10 months ago by
UMIs are taken into account during the de-duplication stage of your pipeline. Normally during a WES analysis you will collapse all reads that have the same start and end coordinates into a single read. This is on the assumption that reads that start and end at the same location are PCR duplicates.
However, it is possible that reads that start and end at the same location represent genuinely independent biological entities.
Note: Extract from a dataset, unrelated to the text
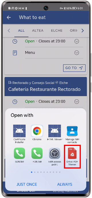 Por ejemplo, el usuario no puede abrir menu_bon_menjar_rectorado en la UMH y no puede seleccionar otras apps para abrirlo.
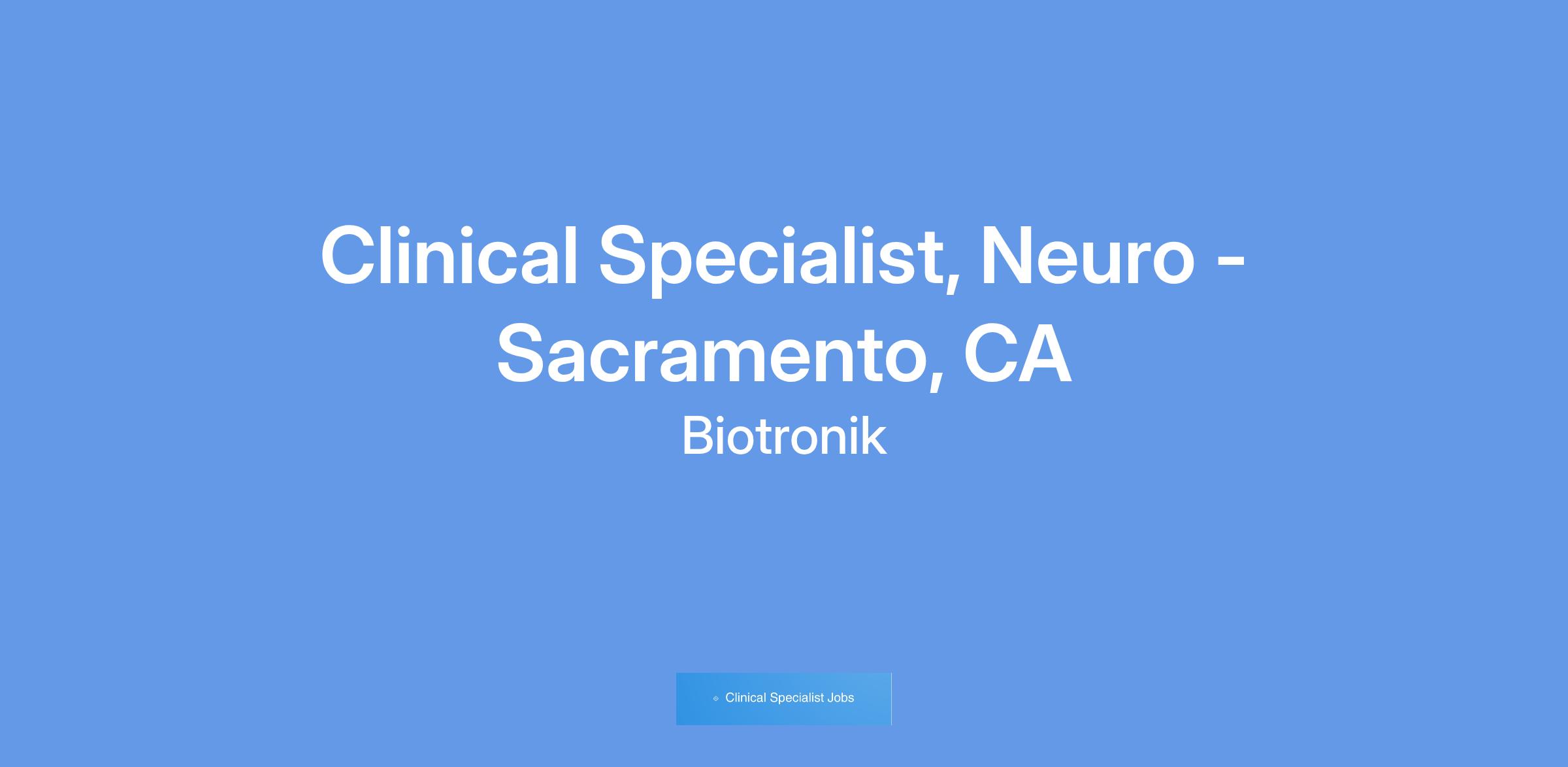 BIOTRONIK Neuro is looking to add Clinical Specialist to our Neuromodulation Segment in Sacramento, California. As a member of the clinical support team, you'll be responsible for providing technical clinical expertise and support of the sales process to colleagues, current customers and/or potential customers. Works under general direction with clinical and sales teammates to identify and capitalize on sales opportunities by creating competency, comfort and expertise with all Biotronik NRO among physicians, support staff and customers within assigned geography. Performs work that involves a high degree of independence. Exercises independent judgment in planning, organizing, and performing work. Seeks to continually improve territory efficiency.

We can distinguish the two possibilities by added a random barcode to each molecule before PCR.
How to deal with UMIs in exome sequencing
There are basically two ways in which you could deal with this. The first is to mark any two molecules that start at the same position and have the same UMI as duplicates of each other, removing one of them on some criteria.
The second is to group together all reads that have the same mapping position and UMI and "average" them to find the consensus sequence of the reads.
Our software, UMI-Tools, will do the first for you and help with the second. In all modes it starts by grouping together all reads that have the same start co-ordinates, mate inner distance and UMI sequence. It then further groups these where it believes that one UMI could have arisen from another as a PCR or sequencing error and determines which UMI represents the "parent" sequence.
dedup mode it will then select one read from each group as representative, based of various metrics and a good dose of randomness and output that read and its mate.
group mode it assigns a unique group code to each group of reads, adding it as a new tag on the BAM entry for each read. You could then take all the reads assigned to the same group and determine the consensus sequence. I believe others have done this before.